Quality versus Quantity? A time use study of father-mother pairs with a disabled preschool child

Abstract

Time use studies are an effective way of finding out more about individuals’ daily lives and when used with semi-structured interviews can provide a form of participant observation. Large multinational studies have been performed over the past 40 years providing comprehensive data on general populations, including couples with children. However, little is known about the daily lives of couples with children with complex disabilities, and whether there are differences in time use decisions and quality of life for this group of parents. Quantities of time spent on different activities can affect quality of life; the way activities are performed can affect their quality. This study considers these issues of quality versus quantity in the time use of parents. Aims and Objectives: 1) To explore the time use of parents with a young child with complex disabilities and compare this with the time use of similar parents with young children without any identified disabilities; 2) To explore what factors influence parents’ time use decisions, and relate these to quality of life and parental satisfaction and 3) To use this knowledge to guide service delivery.

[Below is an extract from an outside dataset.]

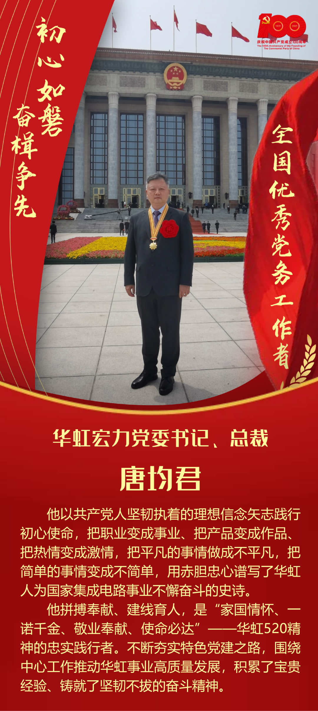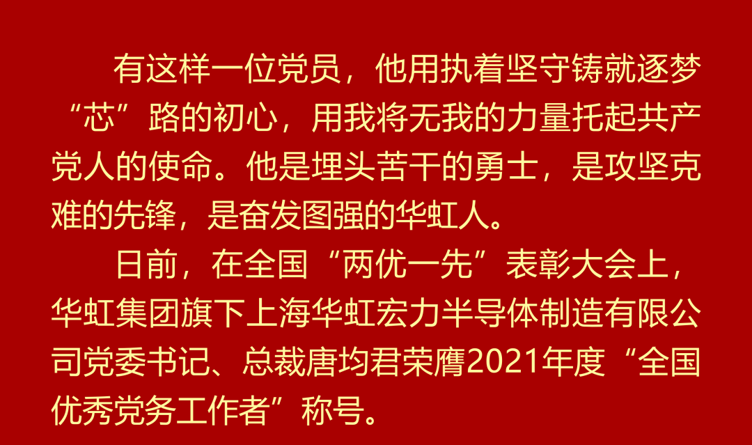 热烈祝贺!华虹宏力党委书记、总裁唐均君同志荣获2021年“全国优秀党务工作者”荣誉称号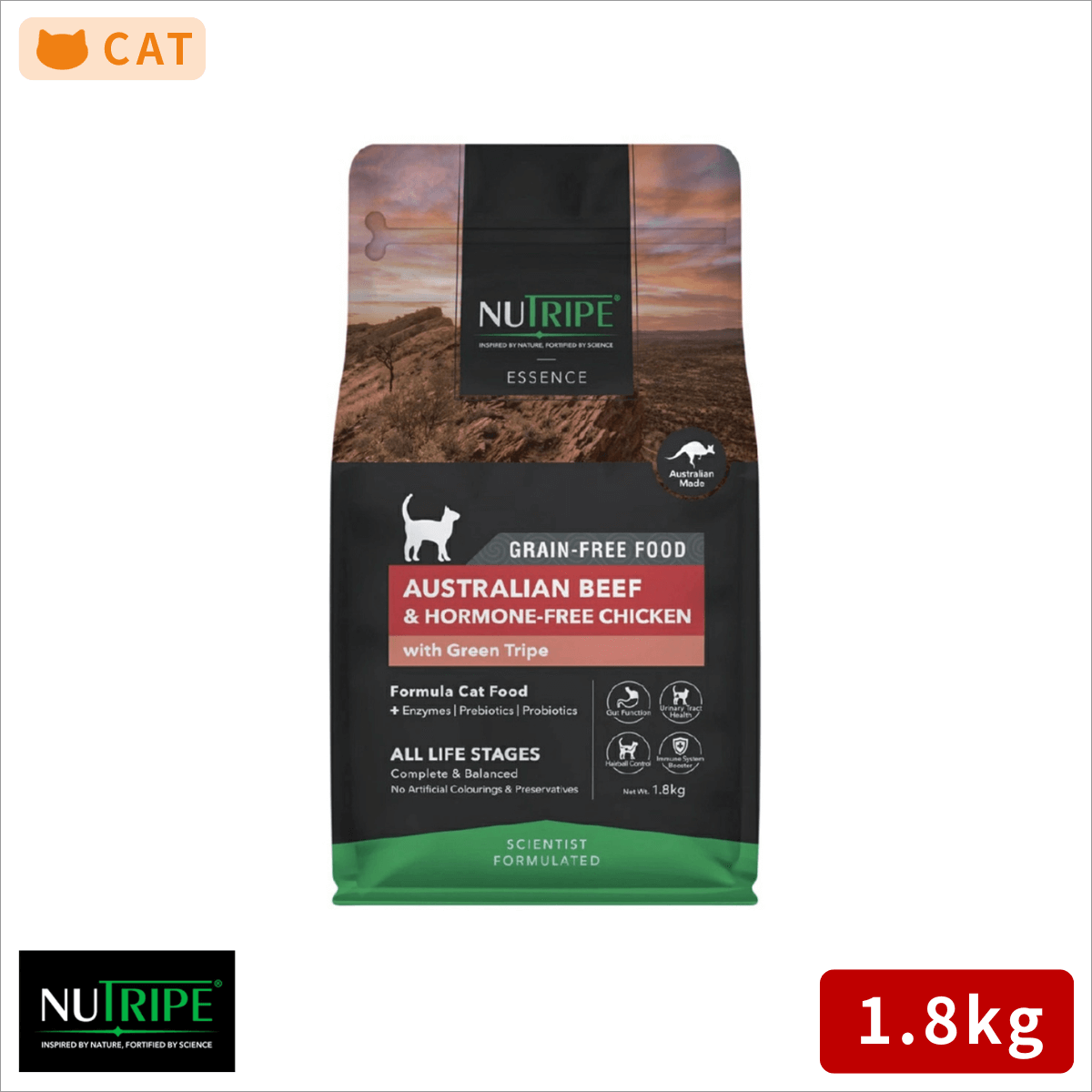 愛猫の毎日の食事はとても重要です。 ニュートライプ キャットフード ドライ ビーフ&チキン&グリーントライプ 1.8kg 正規品 ドライフード ペットフード 穀物不使用 グレインフリー NUTRIPE

Methodology and Methods: This is a critical ethnographic mixed methods study. Three group of parents participated: 1) Parents with a preschool child with complex health needs dependent on technology; 2) Parents with a healthy preschool child with autism and 3) Parents with a healthy preschool child without any identified disabilities. All parents completed the PedsQLTM Family Impact Module Survey followed by a specifically designed precoded time use diary for seven consecutive days. Parents in groups one and two were then interviewed to explore their feelings around time use and family life. Secondary analysis of the Multinational Time Use Survey (MTUS) data from the UK 2000/1 provided a further comparison data set. Results: Data are available on 28 couples and an additional 200 couples from the MTUS data. Significant differences in time use were found between the groups with regard to sleep, leisure, social contact, work, and quality of life measures with parents in groups one and two disadvantaged in these aspects compared to the parents in group three. Five main themes emerged from analysis of the interviews: ‘feeling trapped at home’; ‘twenty-four seven caring’; ‘trying to achieve a balance’; ‘discovering a whole new world’; and ‘evolving roles’ with ‘trust’ emerging as a unifying theme. Trust was found to provide the threads that linked parents in a complex web of relationships. The quality and quantity of these trust threads affected parents’ time use decisions and quality of life as highlighted by the reduced quality and quantity of sleep and leisure experienced. The interparental trust relationship varied between couples with different levels of trust defining ‘dictatorship’, ‘coalition’ and ‘democracy’ groups.
Conclusion: Quality and quantity of sleep and leisure time are reduced for parents with a disabled preschool child. This decreases opportunities for parents to ‘re-charge’ and hence can impact on parents’ health and wellbeing. Levels of trust between mothers and fathers influence parental time use and are an important determinant of parental quality of life.